Издержки любви автора к Достоевскому, положим, — но издержки немалые и вряд ли оправданные. Максимализм, рождающий непременно масштабные выводы (“Все, о чем писал Достоевский, применимо к нашему времени”); утешительные прогнозы, основанные на чудодейственных свойствах художественного слова (особенно русской классической литературы) и вере в то, что “спасется Россия, спасет и своих братьев и сестер вокруг”, — в таком исходе уже убеждены и какие-то “умные иностранцы”, называющие “Россию единственным еще живым местом на Земле” (где, интересно, Степанян обнаружил таких удивительных иностранцев, мне что-то совсем других мыслей попадались); наконец, рассуждения о деньгах, восходящие к финансовым теориям Достоевского, изложенным в январском выпуске “Дневника писателя” за 1881 год. Либерализм, позитивизм, социально-экономический “порядок вещей”, плюрализм, социальная справедливость и борьба — поднявшимся по метафизической вертикали все это предстает жалкой языческой суетой. Ведь “стоит только понять, что жизнь не кончается здесь, на земле, как все жалобы на несправедливость становятся бессмысленными”. Так ясно и так просто. Отсюда обида автора на С. Г. Бочарова, который, мягко полемизируя с суждениями “религиозных литературоведов” (в том числе со Степаняном и его “единомышленниками”), заметил, что в их работах порой литература “утрачивает свободу и сложность своего положения между лежащей под нею жизнью и высшим духовным началом и свободу вопрошания в обе стороны”.

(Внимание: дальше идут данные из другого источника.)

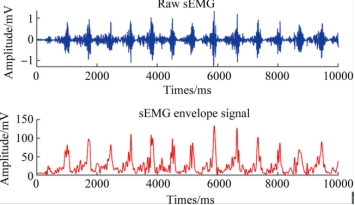 (1)下肢表面肌电信号sEMG:肌电图主要讨论的是骨骼肌的运动过程,在肌肉受到刺激的同时,会产生一连串的动作电位。sEMG就是在相应肌肉表面通过电极,从而记录下一连串的MUAP电信号,透过肌电图便可以得知周围神经、神经元、神经肌肉接头及肌肉本身的功能状态。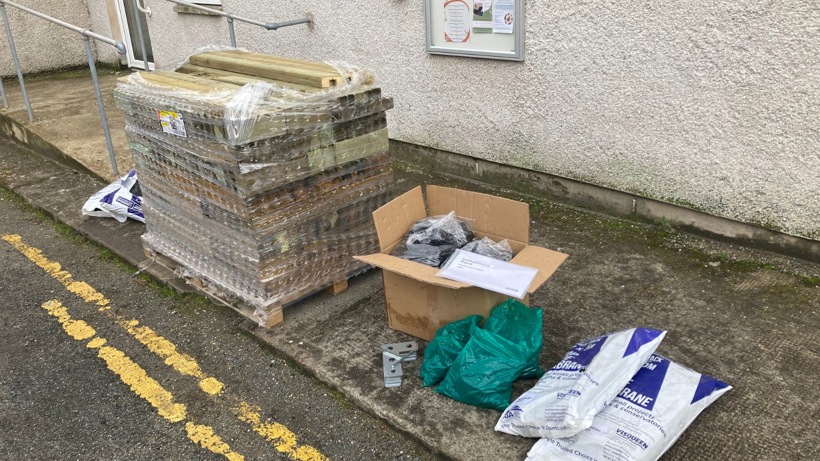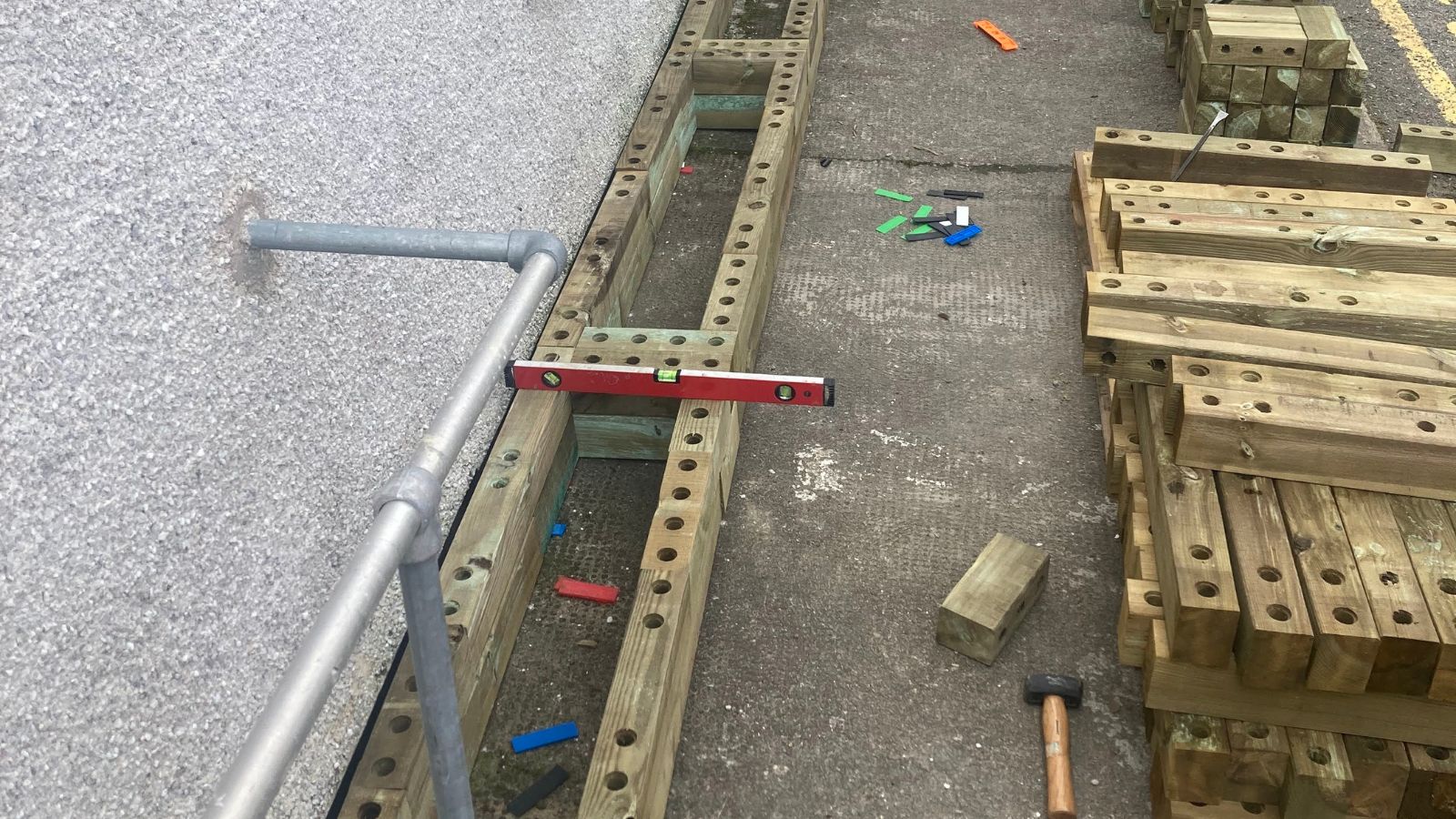 Étant donné que cette commande était locale (la salle se situe à quelques kilomètres de notre scierie à Dingwall dans les Highlands écossaises), les éléments WoodBlocX du design ont été rassemblés, expédiés et livrés sur palette en quelques jours seulement ! Et comme le design allait être monté sur du béton, aucune préparation n’a été nécessaire au sol.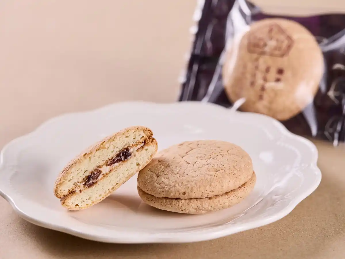 厳選されたアーモンドパウダーを贅沢に使用したふんわり、しっとりとしたブッセ生地に、クラッシュしたラムレーズンを贅沢に散りばめたラム酒香るクリームを優しくサンドしました。 |
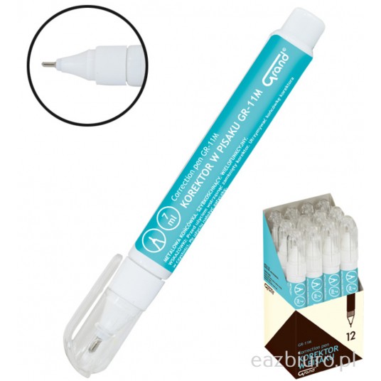 – szybkoschnący – niewidoczny na fotokopiach – każdy korektor posiada indywidualny kod kreskowy – precyzyjna metalowa końcówka – grubość linii 2 mm – pojemność 7 ml – gwarancja 2 lata – opakowanie: 12 szt.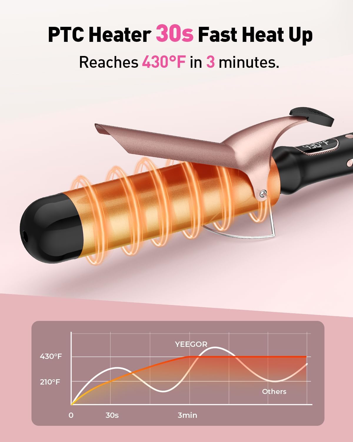 سخان بي تي سي سريع التسخين في 30 ثانية: تستخدم مكواة التجعيد ذات الأسطوانة الطويلة ييجور تقنية التسخين بي تي سي، مما يتيح لها الوصول إلى درجة حرارة تصل إلى 200 درجة فهرنهايت في غضون 60 ثانية فقط لتصفيف فوري، تصل إلى 420 درجة فهرنهايت في 3 دقائق، مما يوفر وقتك الثمين ويحمي شعرك. تحتوي مكواة التجعيد ييجور على أسطوانة أطول بنسبة 20% من مكواة التجعيد العادية، يمكنك عمل تجعيدات لطيفة وساحرة في دقائق، شريك جيد خاصة في الصباح المتسرع.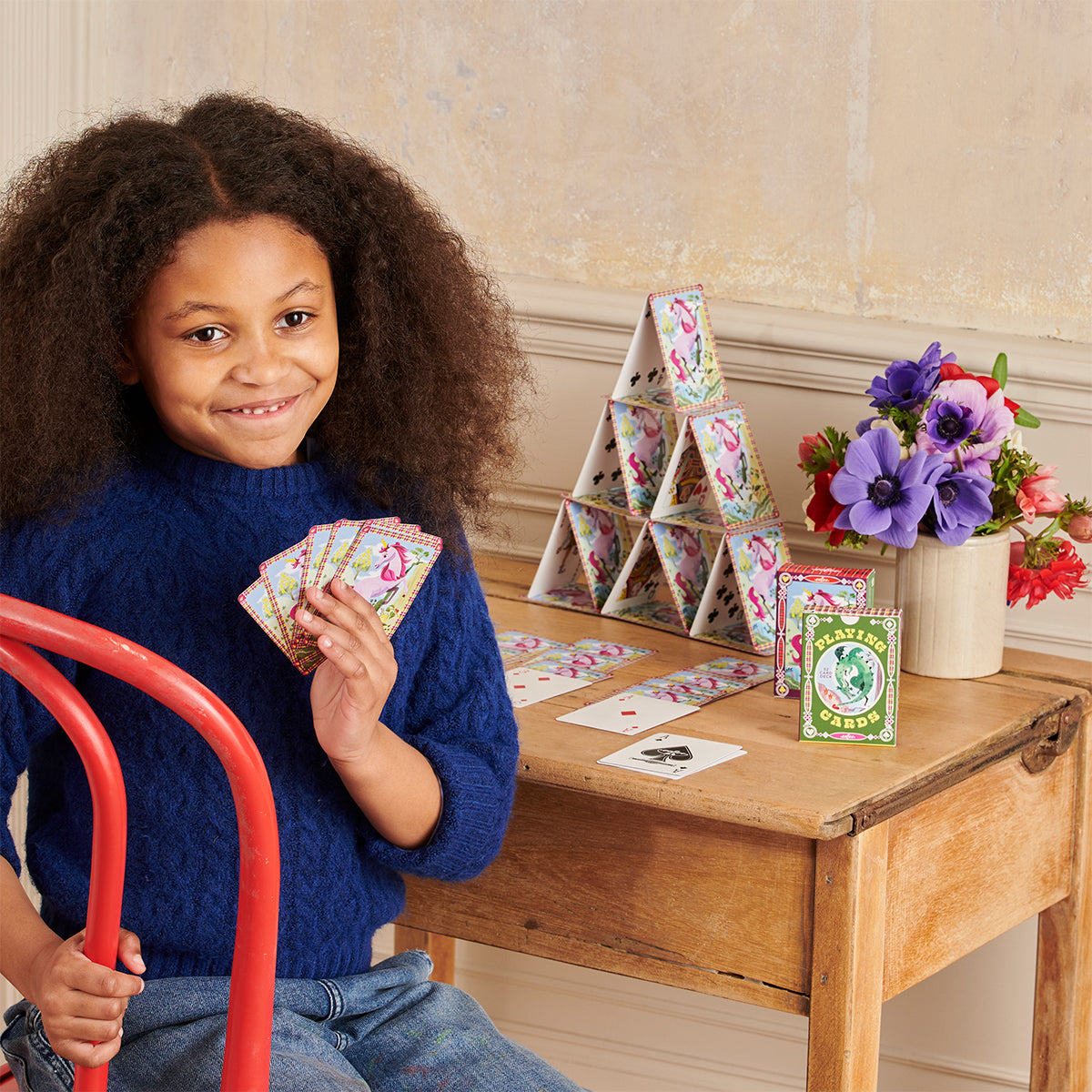 Eeboo Dragon Oyun Kartları, her destede 52 standart kart ve 2 joker bulunur. Kartlar, dayanıklı ve kolay karıştırılabilen mavi çekirdekli kartondan üretilmiştir ve klasik kart oyunları için idealdir. Ürün, geri dönüştürülmüş karton, FSC sertifikalı kâğıt ve bitkisel mürekkepler kullanılarak üretilmiştir.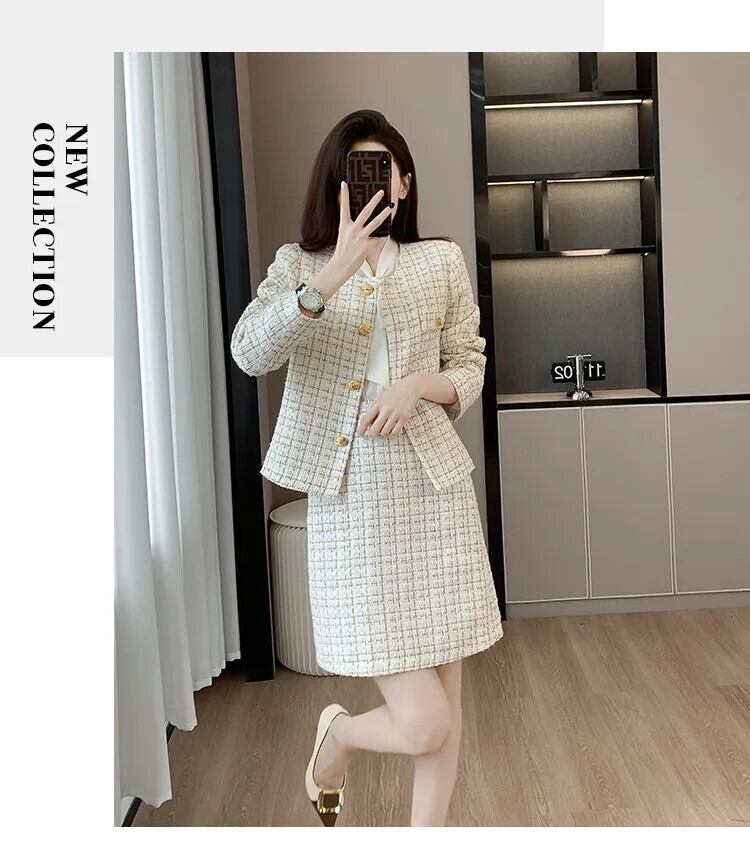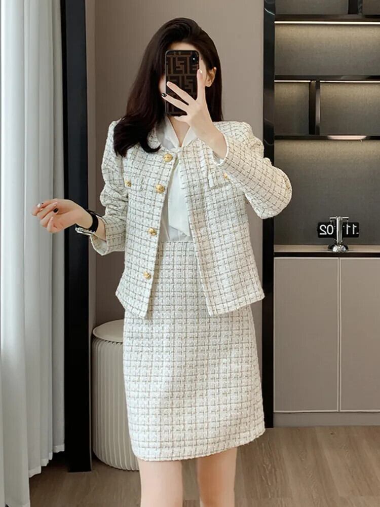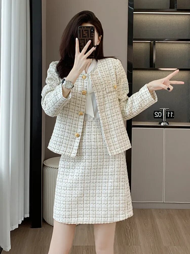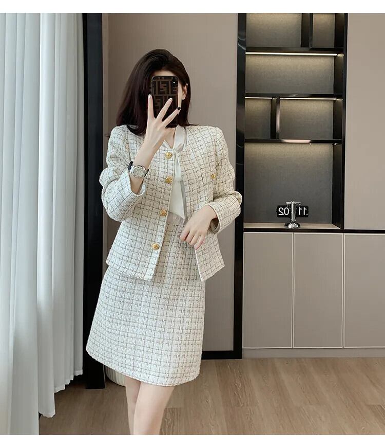 フレンチスモールフレグランスツイードツーピースセットジャケットコート+スカートセットOLツーピーススーツ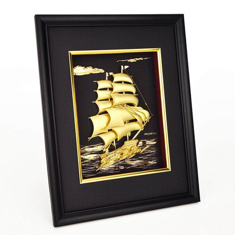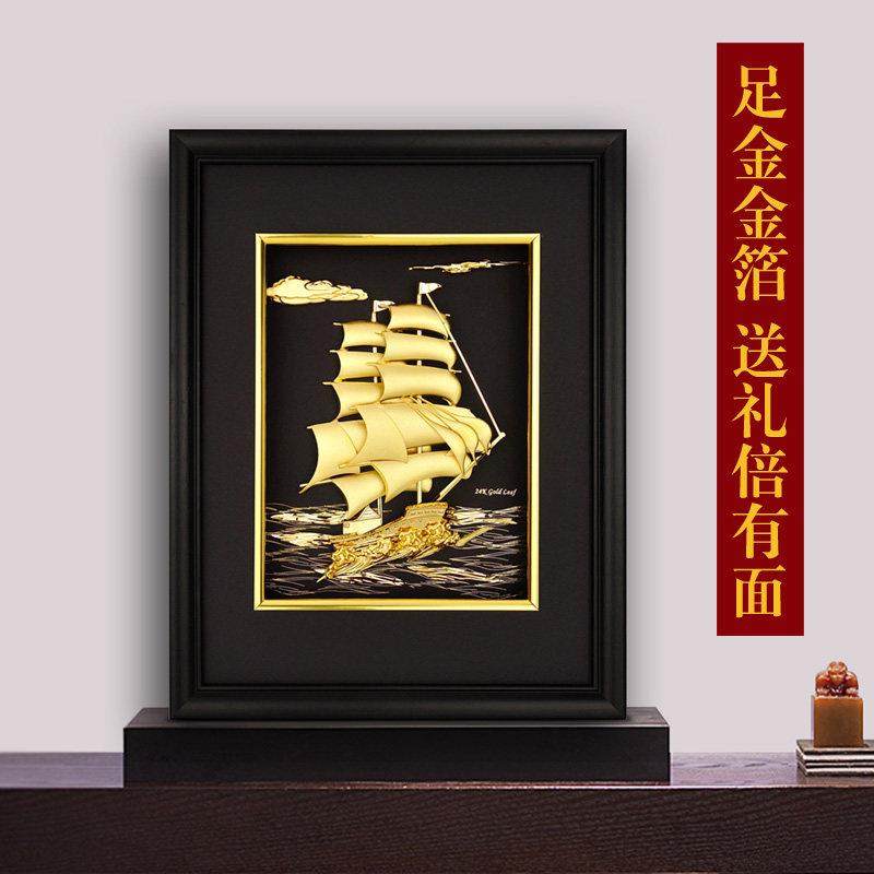 金箔画一帆风顺帆船轻奢办公室装饰摆件玄关高档商务活动开业礼物

И не стоило бы Степаняну отвечать на критику так прямолинейно и резко, попутно выражая недоумение, что такова позиция литератора, “весьма далекого от позитивизма”, перечеркивая возможность любого диалога: “Для меня и для тех, чьим единомышленником я имею честь себя считать, нет двух „сторон”: жизни и высшего духовного начала, вся жизнь человеческая в каждое ее мгновение есть акт веры (или неверия), и за пределами Божьего мира есть только пустота”.
В связи со всем этим вынужден ясно размежеваться или “определиться”: не считаю себя единомышленником (полагаю, что в нашем ремесле единомыслие вредно) Степаняна, хотя мне и многое симпатично в его концепции “реализма в высшем смысле слова” Достоевского, в его просветительской, даже подвижнической деятельности, в его преданности. Понимаю, что горячность и полемические крайности здесь органически связаны с преданностью слову Достоевского.
Даже тогда, когда трудно согласиться с некоторыми мнениями и выводами Степаняна (разногласия в порядке вещей, норма), они плодотворны и интересны. “Загадочный”, “таинственный” роман “Идиот” в центре книги, автор которой знакомит читателя с многолетним, отчасти носящим личный характер, процессом постижения художественной правды произведения, смысла формулы “Князь Христос”, так по-разному интерпретируемой литературоведами и богословами, историками литературы и религии. Роман, по мнению Степаняна, “задумывался как изображение распятия или жертвоприношения (как символически трактуется заклание Христа-агнца)”, и в этом есть немалая доля истины. Вряд ли в романе “Преступление и наказание” Достоевский “решал многие проблемы человеческого бытия еще достаточно легко ” (не понимаю, где удалось автору там увидеть легкость), с позиции “сверху вниз”, но вполне вероятно, что писатель, завершив свой первый великий и во всех отношениях совершенный роман, “принял мужественное решение: спуститься в самый низ метафизических отрицаний и сомнений, в самое „горнило сомнений” — повлияли, конечно, и Ренан, и воспоминания о Штраусе, и Гольбейн, увиденный в Швейцарии, а может, иначе было просто нельзя — и оттуда попробовать найти путь наверх; в какой-то степени отражением этого были замыслы „Жития великого грешника” и „Атеизма””. А более всего, разумеется, отразил драматические поиски роман “Идиот”, в который Достоевский хотел душу “положить”.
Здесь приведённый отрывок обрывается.